**** AVAILABLE DATA

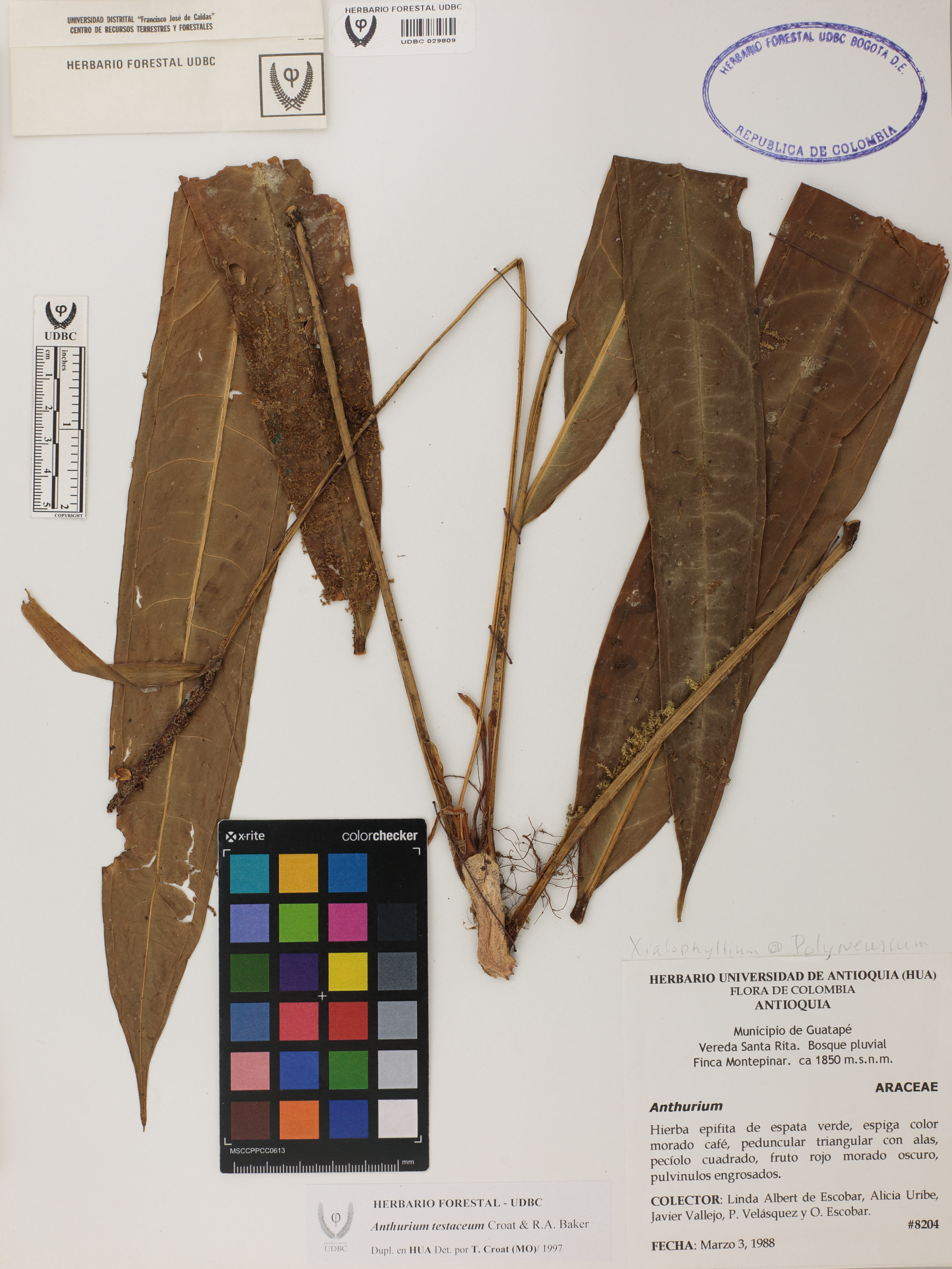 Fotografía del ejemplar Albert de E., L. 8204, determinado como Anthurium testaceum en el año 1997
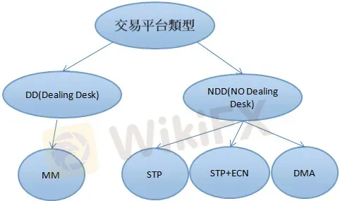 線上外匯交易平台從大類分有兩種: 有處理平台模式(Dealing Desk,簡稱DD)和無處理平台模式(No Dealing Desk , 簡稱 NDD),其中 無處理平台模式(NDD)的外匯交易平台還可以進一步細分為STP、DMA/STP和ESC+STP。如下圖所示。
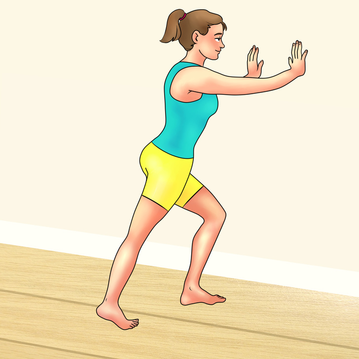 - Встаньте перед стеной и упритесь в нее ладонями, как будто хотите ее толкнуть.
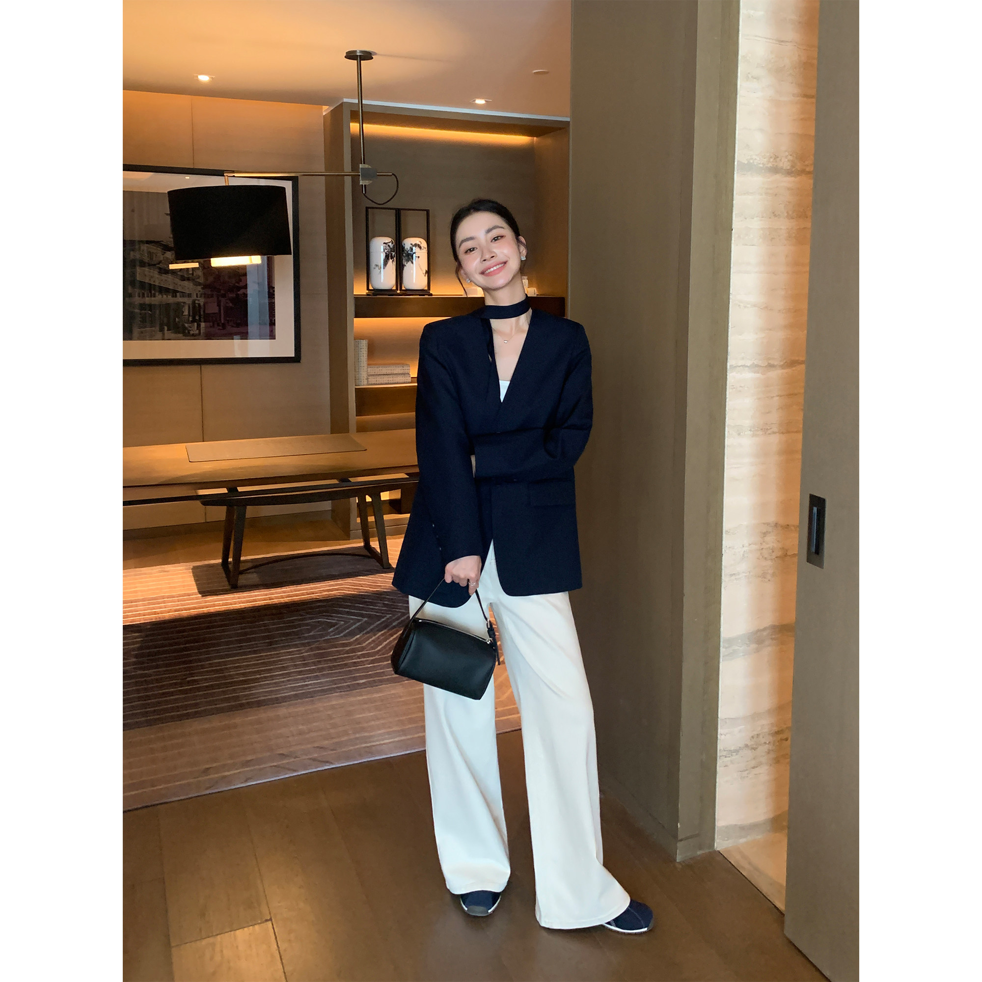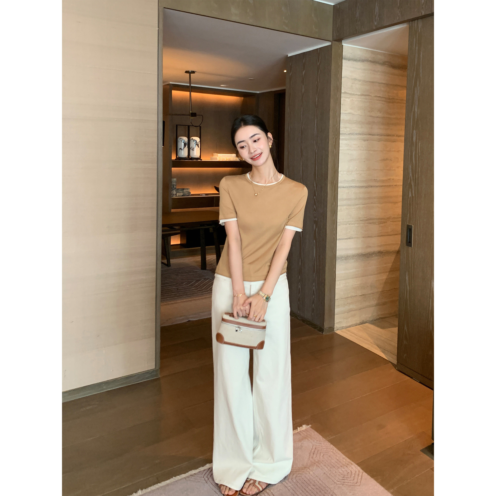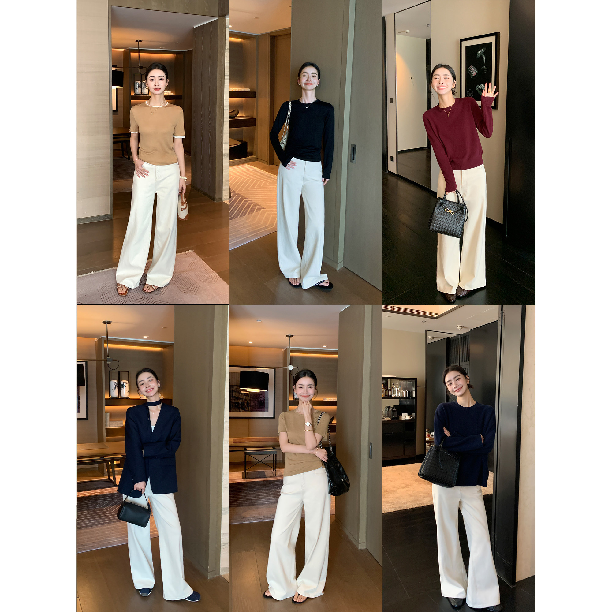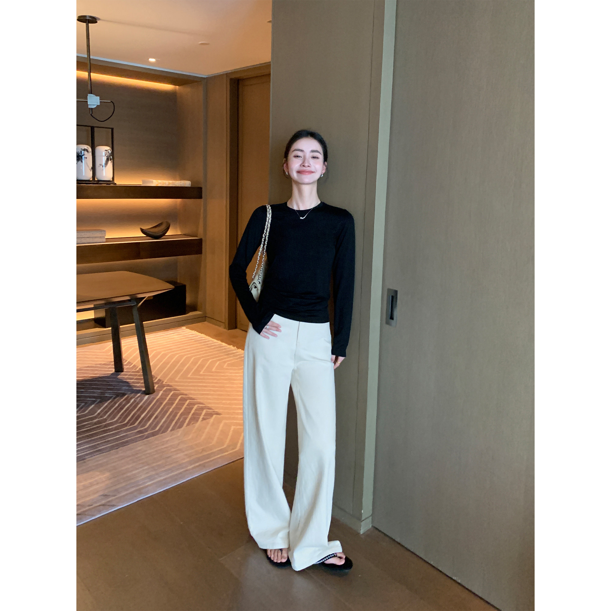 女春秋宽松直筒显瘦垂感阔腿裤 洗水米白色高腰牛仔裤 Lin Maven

********

* ASSIGNED TASK
An exact copy of every line above is needed, without the images.

* YOUR SOLUTION
 Fotografía del ejemplar Albert de E., L. 8204, determinado como Anthurium testaceum en el año 1997
 線上外匯交易平台從大類分有兩種: 有處理平台模式(Dealing Desk,簡稱DD)和無處理平台模式(No Dealing Desk , 簡稱 NDD),其中 無處理平台模式(NDD)的外匯交易平台還可以進一步細分為STP、DMA/STP和ESC+STP。如下圖所示。
 - Встаньте перед стеной и упритесь в нее ладонями, как будто хотите ее толкнуть.
 女春秋宽松直筒显瘦垂感阔腿裤 洗水米白色高腰牛仔裤 Lin Maven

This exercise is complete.